InTheLoop | 10.29.2012
October 29, 2012
ESnet Revving Up to Unleash 100 Gbps National Science Network
In late 2012, ESnet will take the next step, upgrading its network to 100 gigabits per second (Gbps), replacing the multiple 10 Gbps links now making up the network’s backbone. Under the current schedule, the switchover to ESnet5 will be done in November 2012, with different regions being migrated in sequence. Upon its completion, ESnet5 will be the world's fastest science network. Read more.
Architects of the Exascale Enlist Proxy Apps to Mimic Big Codes
Achieving exascale computing will depend on many interacting parts, according to an article in ASCR Discovery. That requirement spawned the idea of co-design, in which developers consider the scientific problems to be solved as they create exascale architectures and how that architecture affects software design. To proceed with this approach, the Department of Energy (DOE) created three co-design centers — for materials, nuclear energy and combustion.
A key part of co-design resides in what are known as proxy applications, or proxy apps. A proxy app generally stands for something bigger than itself. It’s a piece of code stripped of as many nonessential lines as possible that mimics some feature of a large program. Alice Koniges of NERSC is one of the researchers quoted in the article. Read more.
Proxy apps were also on the agenda at the ASCR Exascale Research Conference that was held October 1–3 in Arlington, VA. CS staff who contributed to that conference include John Bell, Wes Bethel, Hank Childs, Sudip Dosanjh, Steve Hofmeyr, Costin Iancu, Alice Koniges, Lenny Oliker, Prabhat, John Shalf, Arie Shoshani, Brian van Straalen, Gunther Weber, Sam Williams, John Wu, and Kathy Yelick.
CRD’s Sean Peisert Shares Cyber Security Expertise at I3P Meeting
Sean Peisert, a research scientist in Berkeley Lab's Computational Research Division, recently gave a talk at the 10th Anniversary of the Institute for Information Infrastructure Protection (I3P), held Oct. 10 at the National Press Club in Washington, D.C. Peisert discussed the impact of I3P, a consortium of leading universities, national laboratories, and nonprofit institutions dedicated to strengthening the cyber infrastructure of the United States. The video “I3P: Ten Years of Impact,” which includes Peisert’s talk, is available here.
Peisert, a computer security researcher, has been involved with the I3P since 2007, when he was awarded a $150,000 I3P Research Fellowship. Today along with Deb Agarwal, he has continued his involvement as one of LBNL's two representatives to the I3P. At the anniversary event, Peisert spoke about his views of the role of the I3P, as well as how the I3P has impacted his own research at LBNL over time. In addition to Peisert, other CRD researchers who have been I3P Fellows include Robin Sommer (2006) and Sean Whalen (2010–11).

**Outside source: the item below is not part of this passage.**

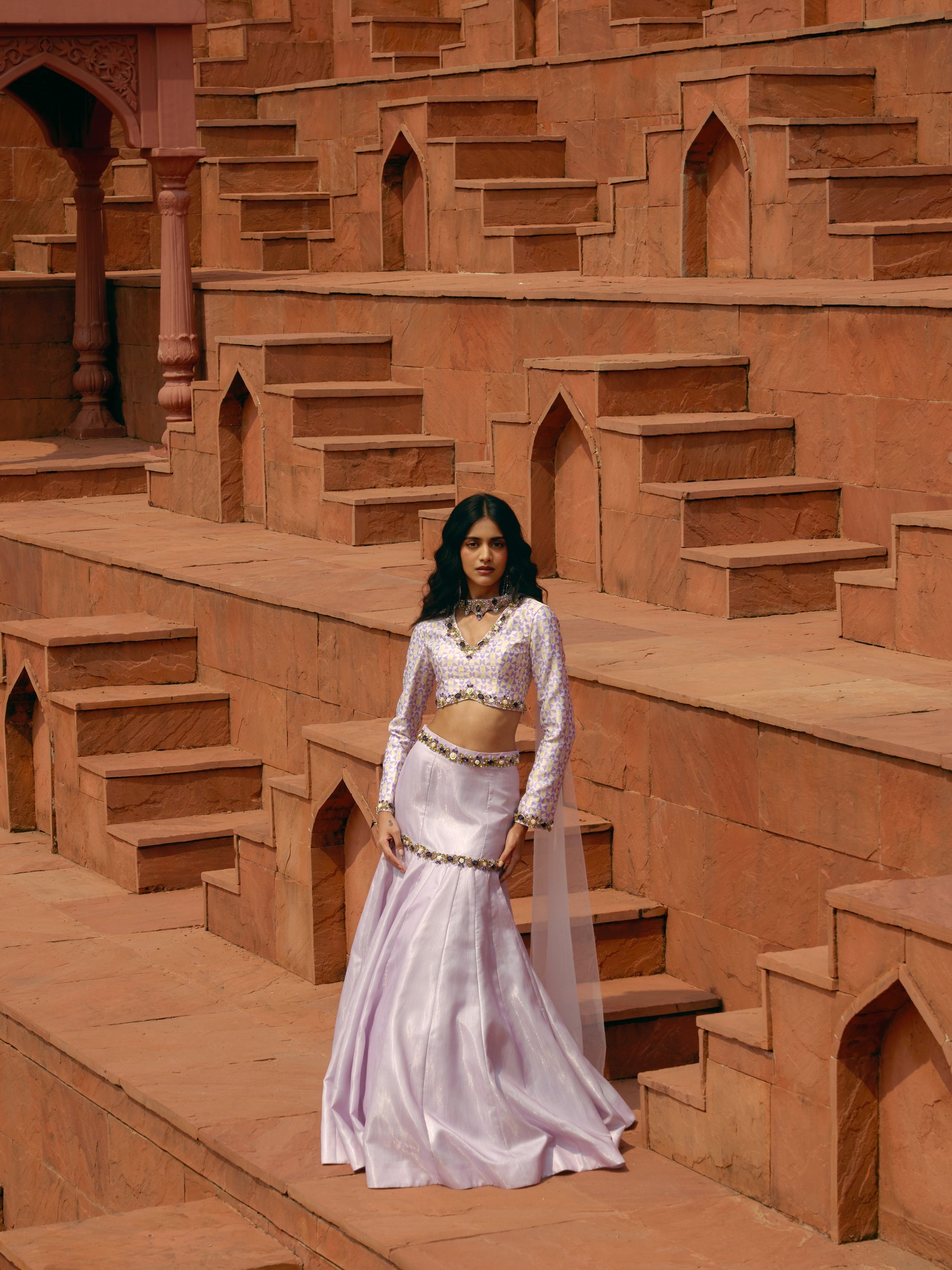 Experience our yummy, lilac, panelled lehenga. The perfect blend of elegance and pop. Its got a fun twirl to it embellished with beautiful shades of purple glass stones with a pop of lime and glass beads .All of them intricately combined to create a poppy rich yet modern look.

CRD, NERSC Researchers Contribute to APS Plasma Physics Meeting
The 54th Annual Meeting of the American Physical Society (APS) Division of Plasma Physics is being held this week, October 29–November 2, in Providence, Rhode Island. Contributions from CRD and NERSC researchers include:
- Phillip Colella (co-author): Continuum Kinetic Plasma Modeling Using a Conservative 4th-Order Method with AMR (poster)
- Phillip Colella, Daniel Martin, Peter McCorquodale, and co-authors: Axisymmetric Modeling of a Tokamak Edge with the Continuum Gyrokinetic Code COGENT (poster)
- Alice Koniges, Xuefei Yuan, Wangyi Liu, and co-authors: Enabling Fusion Codes for Upcoming Exascale Platforms (poster)
- Harinarayan Krishnan (co-author): Finite Time Lyapunov Exponents for magnetically confined plasmas (poster)
- Wangyi Liu, Alice Koniges, and co-authors: Using a Korteweg-Type Model for Modeling Surface Tension and Its Applications (poster)
- Burlen Loring (co-author): New Breakthroughs and Challenges in Kinetic Simulations of the Magnetosphere (mini-conference)
- Burlen Loring (co-author): Quantifying Properties of Collisionless Turbulence Through Wavelet Analysis (poster)
- Burlen Loring (co-author): Electron Kelvin-Helmholtz Instability and Generation of Demagnetized Electron Rings (poster)
CRD Researchers Contribute to AIChE Annual Meeting
The American Institute of Chemical Engineers (AIChE) is holding its annual meeting this week, October 28–November 2, in Pittsburgh, PA. Several CRD researchers co-authored papers that will be presented:
- Deb Agarwal (co-author): Enforcing Elemental Mass and Energy Balances for Reduced Order Models Generated from CFD Simulations
- Richard Martin, Jihan Kim, Christopher Rycroft, Maciej Haranczyk, and co-authors: Large-Scale Computational Screening of Adsorbent Materials for Carbon Capture
- Maciej Haranczyk (co-author): Integrating the Carbon Capture Materials Database with the Process Simulation Tools of the Carbon Capture Simulation Initiative
Alice Koniges Named Associate Editor of Journal of HPC Computing Applications
Alice Koniges of NERSC has been named an Associate Editor of the International Journal of High Performance Computing Applications. The goal of the journal is to provide a forum for the communication of original research papers and timely review articles on the use of high performance computers to solve complex modeling problems across a spectrum of disciplines. The emphasis is on experiences with the use of high performance computers. Berkeley Lab Deputy Director Horst Simon is also on the journal’s editorial board.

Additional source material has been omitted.